Minister of Labour and Social Affairs
- In office June 2004 – 3 May 2005
- President: Ghazi Mashal Ajil al-Yawer (acting)
- Prime Minister: Ayad Allawi
- Preceded by: Sami Azara al-Majun
- Succeeded by: Idris Hadi

Personal details
- Party: Iraqi National Accord

= Leila Abdul-Latif =

Iraqi politician

Leila Abdul Latif (Note: ليلى عبد اللطيف) is an Iraqi politician who served as Minister of Labour and Social Affairs in the Iraqi Interim Government from June 2004 to 3 May 2005. A Shiite Arab from the Banu Tamim tribe, she is a member of the Iraqi National Accord led by Interim Prime Minister, Ayad Allawi.

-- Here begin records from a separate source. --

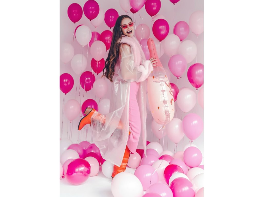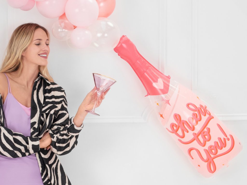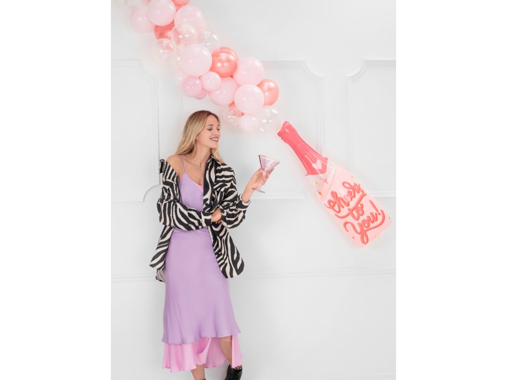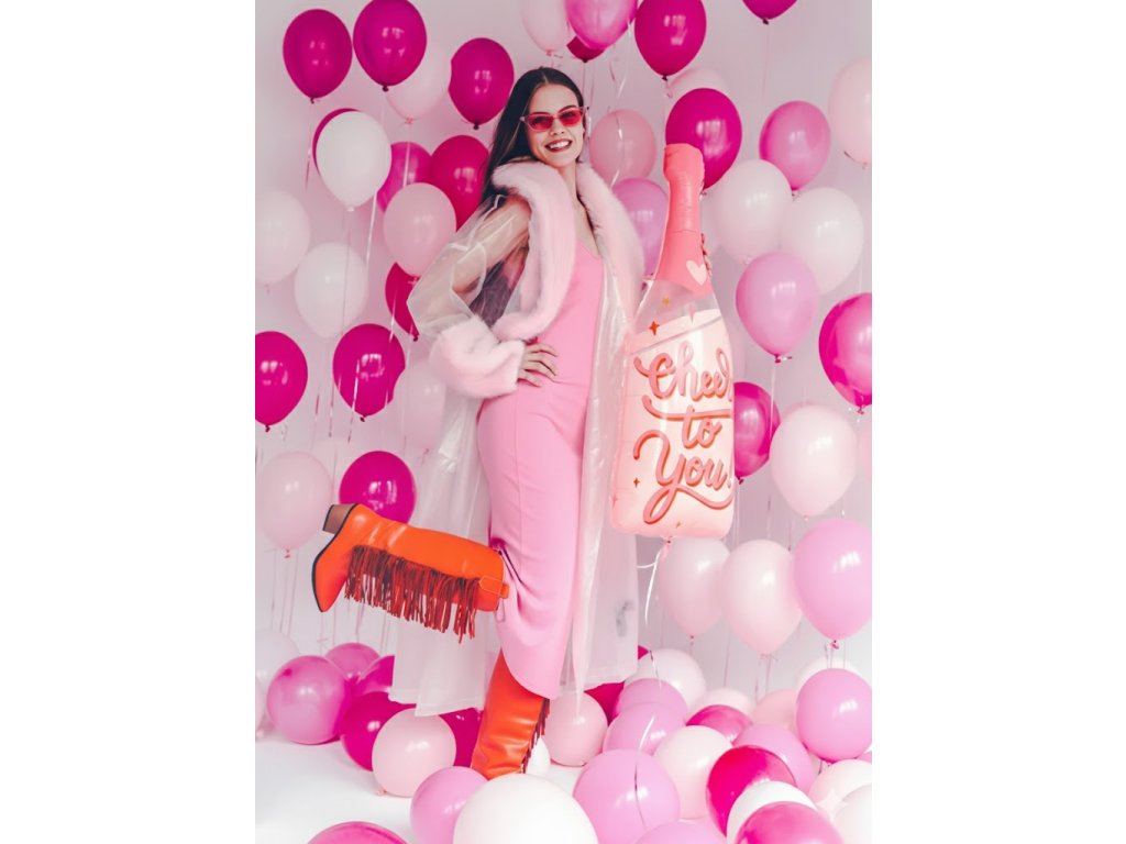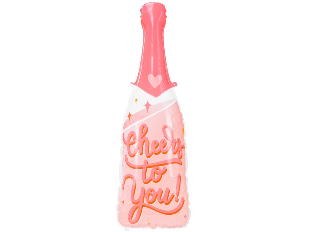 Fóliový balonek lahev sektu růžová s nápisem Cheers to You (na zdraví tobě), velikost 38 x 97 cm.
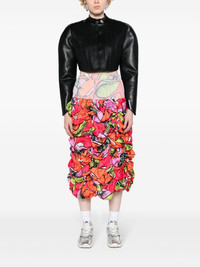 floral-print ruched midi skirt
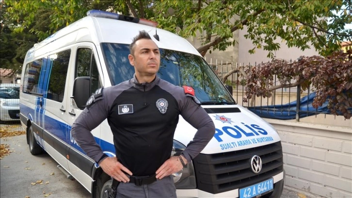 Konya Emniyet Müdürlüğü bünyesinde su altı arama ve kurtarma ekibinde görevli dalgıç polis memuru Mustafa Güneş, vücut geliştirme sporuyla da uğraşıyor.
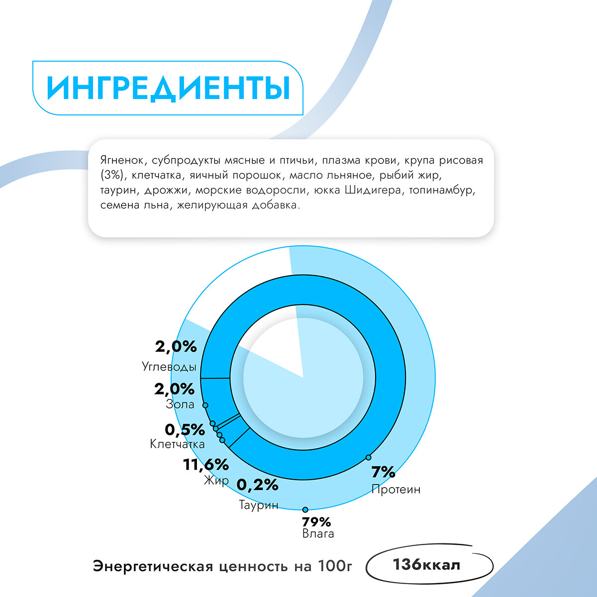 | Состав | Ягненок, субпродукты мясные и птичьи, плазма крови, крупа рисовая (3%), клетчатка, яичный порошок, масло льняное, рыбий жир, таурин, дрожжи, морские водоросли, юкка Шидигера, топинамбур, семена льна, желирующая добавка |
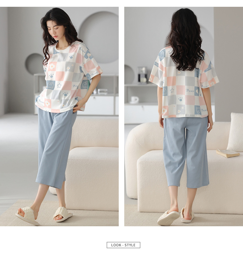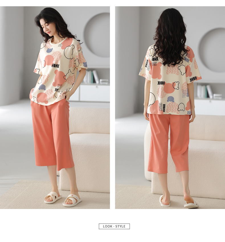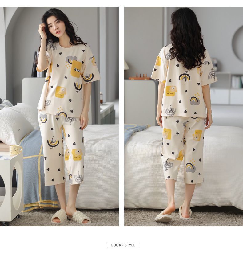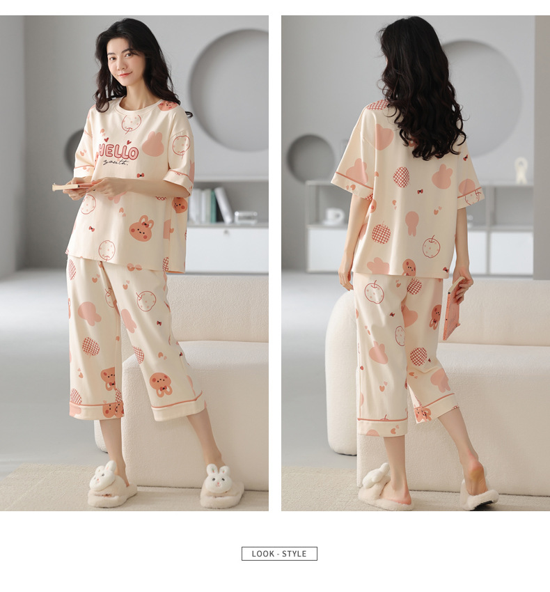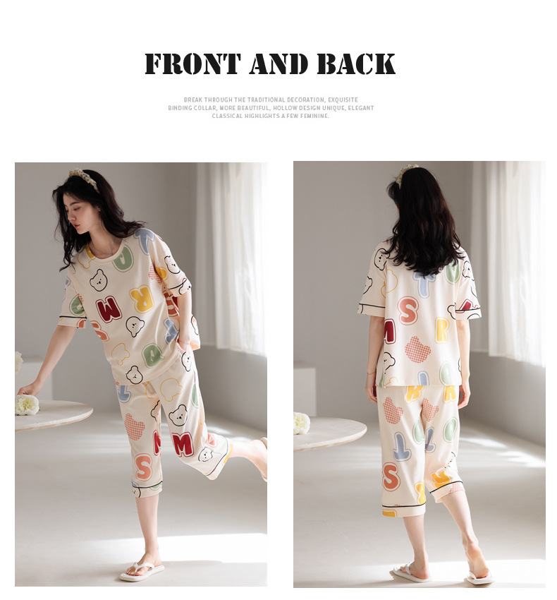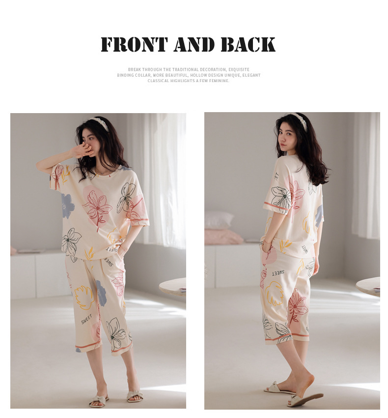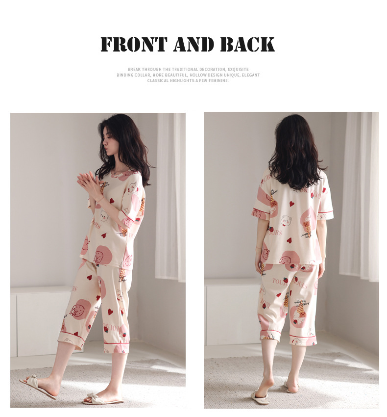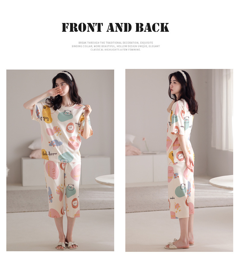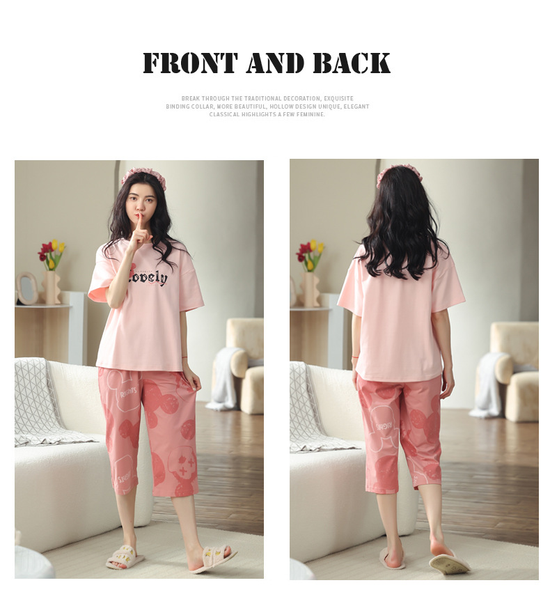 春夏可外穿纯棉7分裤睡衣 甜美休闲简约舒适短袖家居服
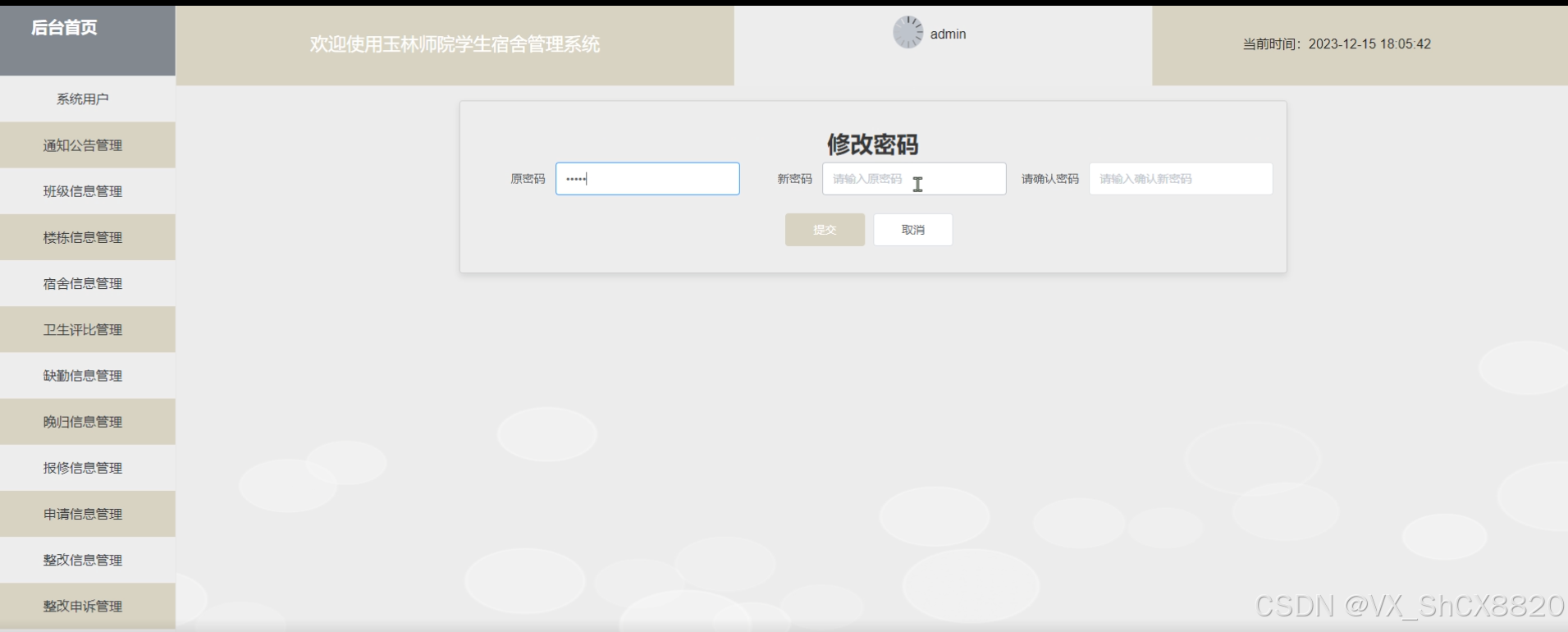 (2)玉林师院学生宿舍管理系统中的web后台管理中的前端使用的是bootstrap框架,它配合ajax和jquery可以美化页面设计。
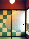 Kyo-Karakami is like a type of woodblock print, and it uses hand-carved printing blocks with traditional patterns. In front, the fusuma with Ichimatsu design(a check pattern) are installed. |
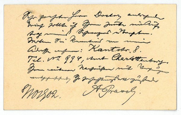 65 x 105 mm. anliegenden Brief sollte ich Ihnen heute im Auftrag meines Schwagers übergeben […]. - Prasch ging 1895 nach Berlin, wo er die Leitung des Berliner Theaters und 1897 auch die des Theaters des Westens übernahm. 1906 mußte er jedoch wegen finanzieller Schwierigkeiten seine Stellung aufgeben.
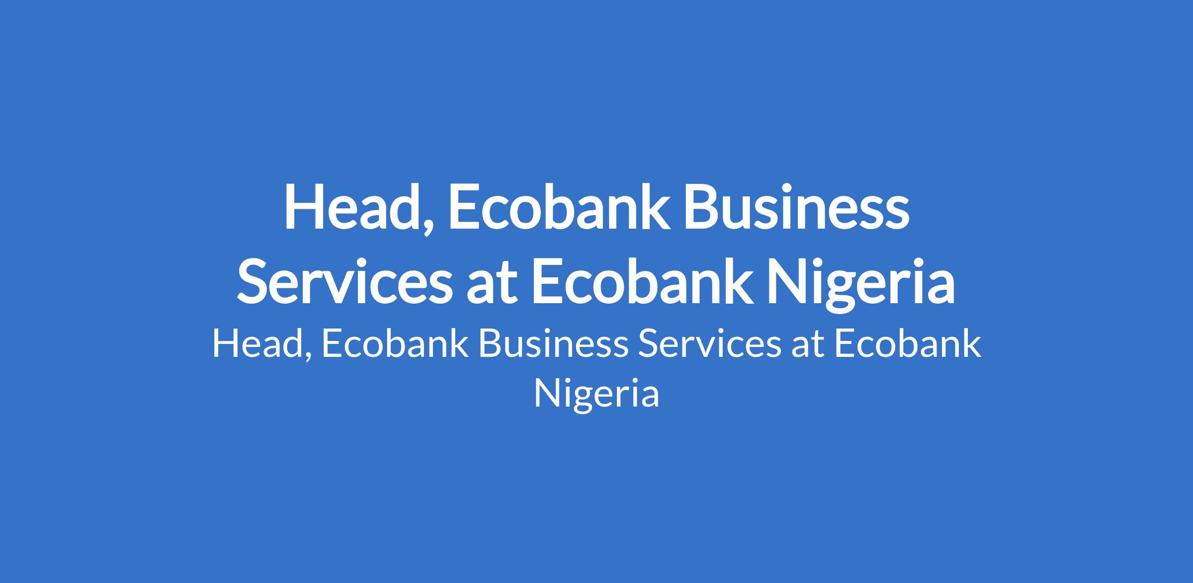 Ecobank Nigeria is recruiting to fill the position of: Head, Ecobank Business Services. The position is located in Victoria Island, Lagos State. Interested candidates should possess a Bachelors Degree with work experience.
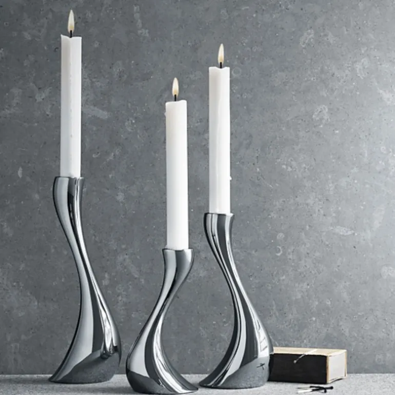 With gravity-defying curves in mirror polished stainless steel, the Cobra candlesticks by Georg Jensen can be difficult to look away from. Candles not included.
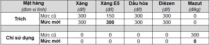 Cơ quan điều hành cũng điều chỉnh mức trích vào Quỹ bình ổn giá với dầu mazut giảm từ 300 đồng về 0 đồng tại kỳ điều hành hôm nay. Xăng E5 RON 92 tăng mức trích từ 150 đồng lên 300 đồng/lít. Các mặt hàng còn lại (dầu diesel, xăng RON 95 và dầu hoả) giữ nguyên trích 300 đồng/lít như cách đây 10 ngày.

She joined the Assembly of Independent Democrats led by Adnan Pachachi for the Iraqi legislative election of January 2005. Partly due to a boycott of the election by most Sunni Arabs, the list won no seats.

In May 2005, the new government of Ibrahim al-Jaafari issued arrest warrants against Abdul Latif for financial corruption and "bringing back to the government members of the former regime".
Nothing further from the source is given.